Stedman and Hutchinson, comps. A Library of American Literature:
An Anthology in Eleven Volumes. 1891.
Vols. IX–XI: Literature of the Republic, Part IV., 1861–1889

George the Third

By George Bancroft (1800–1891)

[From History of the United States of America, from the Discovery of the Continent. The Author’s Last Revision. 1882–85.]

HE had many qualities that become a sovereign: temperance, regularity, and industry; decorous manners and unaffected piety; frugality in his personal expenses, so that his pleasures laid no burden on his people; a moderation which made him averse to wars of conquest; courage, which dared to assume responsibility, and could even contemplate death serenely; a fortitude that rose with adversity.

But he was bigoted, morbidly impatient of being ruled, and incapable of reconciling the need of reform with the establishments of the past. He was the great founder and head of the new tory or conservative party, which had become dominant through his support. In zeal for authority, hatred of reform, and antipathy to philosophical freedom and to popular power, he was inflexibly obstinate and undisguised; nor could he be justly censured for dissimulation, except for that disingenuousness which studies the secret characters of men, in order to use them as its instruments. No one could tell whether the king really liked him. He could flatter, cajole, and humor, or frown and threaten; he could conceal the sense of injuries and forget good service; bribe the corrupt by favors, or terrify deserters by punishment. In bestowing rewards, it was his rule to make none but revocable grants; and he required of his friends an implicit obedience.

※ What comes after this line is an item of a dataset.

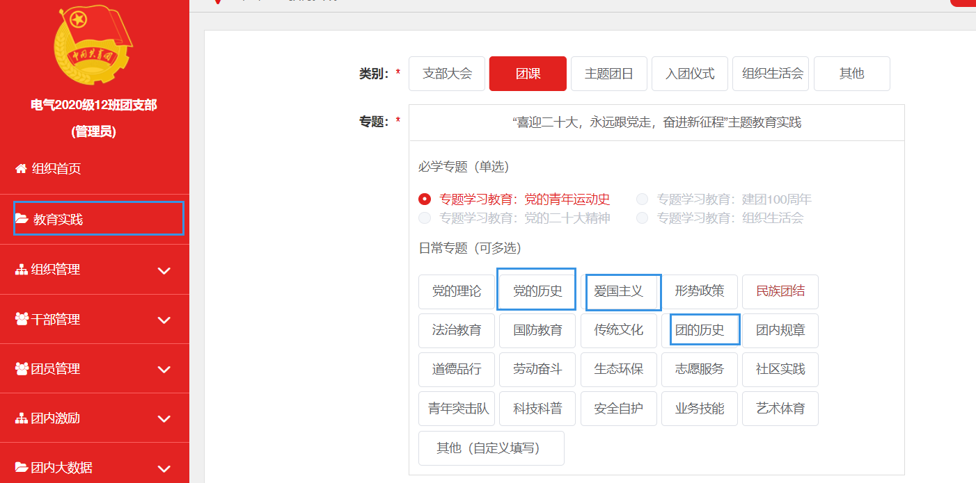主题团课结束后,所有团支部都需将团课开展情况录入 “智慧团建”系统中“教育实践——团课——专题学习教育:党的青年运动史“中。

He was willing to govern through parliament, yet was ready to stand by his ministers, even in a minority; and he was sure that one day the government must disregard majorities.

With a strong physical frame, he had a nervous susceptibility which made him rapid in his utterance; and so impatient of contradiction that he never could bear the presence of a minister who resolutely differed from him, and was easily thrown into a state of excitement bordering upon madness. Anger, which changed Chatham into a seer, pouring floods of light upon his mind and quickening his discernment, served only to cloud the mind of George III., so that he could not hide his thoughts from those about him, and, if using the pen, could neither spell correctly nor write coherently. Hence the proud, unbending Grenville was his aversion; and his years with the compliant Lord North, though full of public disasters, were the happiest of his life. Conscious of his devotion to the cause of legitimate authority, and viewing with complacency his own correctness of morals, he identified himself with the cause which he venerated. The crown was to him the emblem of all rightful power. He had that worst quality of evil, that he, as it were, adored himself; and regarded opposition to his designs as an offence against integrity and patriotism. He thought no exertions too great to crush the spirit of revolution, and no punishment too cruel or too severe for rebels.